WaitForSingleObject(hSemaphore, INFINITE);
... do stuff ..
ReleaseSemaphore(hSemaphore, 1, NULL);

If the thread exits (or crashes) before it manages to release the semaphore, the semaphore counter is not automatically restored. Compare mutexes, where the mutex is released if the owner thread terminates while holding it. For this pattern of usage, a mutex is therefore preferable.

A semaphore is useful if the conceptual ownership of a resource can cross threads.

WaitForSingleObject(hSemaphore, INFINITE);
... do some work ..
... continue on a background thread ...
HANDLE hThread = CreateThread(NULL, 0, KeepWorking, ...);
if (!hThread) {
  ... abandon work ...
  ReleaseSemaphore(hSemaphore, 1, NULL); // release resources
}

DWORD CALLBACK KeepWorking(void* lpParameter)
{
  ... finish working ...
  ReleaseSemaphore(hSemaphore, 1, NULL);
  return 0;
}

This trick doesn't work with a mutex or critical section because mutexes and critical sections have owners, and only the owner can release the mutex or critical section.

Note that if the KeepWorking function exits and forgets to release the semaphore, then the counter is not automatically restored. The operating system doesn't know that the semaphore "belongs to" that work item.

Another common usage pattern for a semaphore is the opposite of the resource-protection pattern: It's the resource-generation pattern. In this model the semaphore count normally is zero, but is incremented when there is work to be done.

... produce some work and add it to a work list ...
ReleaseSemaphore(hSemaphore, 1, NULL);

// There can be more than one worker thread.
// Each time a work item is signalled, one thread will
// be chosen to process it.
DWORD CALLBACK ProcessWork(void* lpParameter)
{
  for (;;) {
    // wait for work to show up
    WaitForSingleObject(hSemaphore, INFINITE);
    ... retrieve a work item from the work list ...
    ... perform the work ...
  }
  // NOTREACHED
}

Notice that in this case, there is not even a conceptual "owner" of the semaphore, unless you count the work item itself (sitting on a work list data structure somewhere) as the owner.
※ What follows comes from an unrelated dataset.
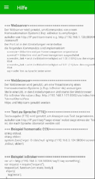 Permite que o tablet seja desligado e flexível ou diminuído usando comandos remotos. Além disso, o aplicativo inclui uma visualização da Web para exibir visualizações de automação residencial baseadas na Web, por exemplo, vis para o iobroker ou outros.

If the ProcessWork thread exits, you do not want the semaphore to be released automatically; that would mess up the accounting. A semaphore is an appropriate object in this case.

(A higher performance version of the producer/consumer semaphore is the I/O completion port.)

Armed with this information, see if you can answer this person's question.

[Raymond is currently away; this message was pre-recorded.]

Comments (16)
  1. Gabe says:

    I think SEM_UNDO is mainly designed to implement mutex behavior. That said, I have run into this problem before, and ended up just writing a program to call ReleaseSemaphore. I can’t think of any other solution that doesn’t involve some sort of SemaphoreManager Service.

  2. Gopal Sagar says:

    That (very first piece of pseudocode) is an ugly use of semaphore. Why would you want to do that? I have found CriticalSection highly useful for this purpose. In order to avoid the ‘forgetting-to-release’ problem, I always wrap the CriticalSection – or CriticalSection containing class object – in a local on-the-stack object that has EnterCriticalSection in its constructor and LeaveCriticalSection in the destructor. Highly effective.

    I was also told (but have not verified it) that CriticalSections are faster and cheaper than Mutexes.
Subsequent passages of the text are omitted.